In my mind, the classification of the “artfulness” of a piece is done by the observer. This is evidenced by examples like differing opinions of the “artfulness” of progressive modern pieces. We do not have an objective ground truth of what “art” is, so ultimately it is just a concept which resides in the mind of the viewer, and is subjectively applied to the “pieces” they are exposed to. That being said, I think that many of the images from our GAN could be considered art, but ultimately that would be decided by each observer that encountered them.
But does this mean that our GAN is an artist? I wouldn’t go that far. I believe that self-expression is required from the artist. I would try to convince you, but I don’t think you want to read another 2,000 words of me talking in circles, so just take my word for it.
So even though our GAN generates art, there is still no underlying creativity, expression, or ideas that it is attempting to convey. It’s just noise in; math math math; picture out.
Does this mean AI can never be artistic? No, but before an AI could express itself, it would have to have a “self”, and unfortunately we are still a long way off from that.
Conclusion
The question I set out to answer this week was: Is it possible for an AI to generate “art”, and if so, does that mean that our AI is an artist? The TLDR answers: Can it generate art: I think so. Is it an artist: Not yet.

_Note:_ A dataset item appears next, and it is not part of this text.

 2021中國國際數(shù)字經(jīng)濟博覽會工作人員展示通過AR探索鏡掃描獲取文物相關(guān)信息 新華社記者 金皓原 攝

But even if it’s not ready to stand on its own, I am confident that over the coming decades, AI assisted artists will be come progressively more popular and mainstream. If you want to explore more, this website has links to over 30 different artistic AI applications.
In terms of next steps, I think I am good on generating art for now. But GAN’s have a ton of other potential applications, so I will definitely be revisiting these in the future.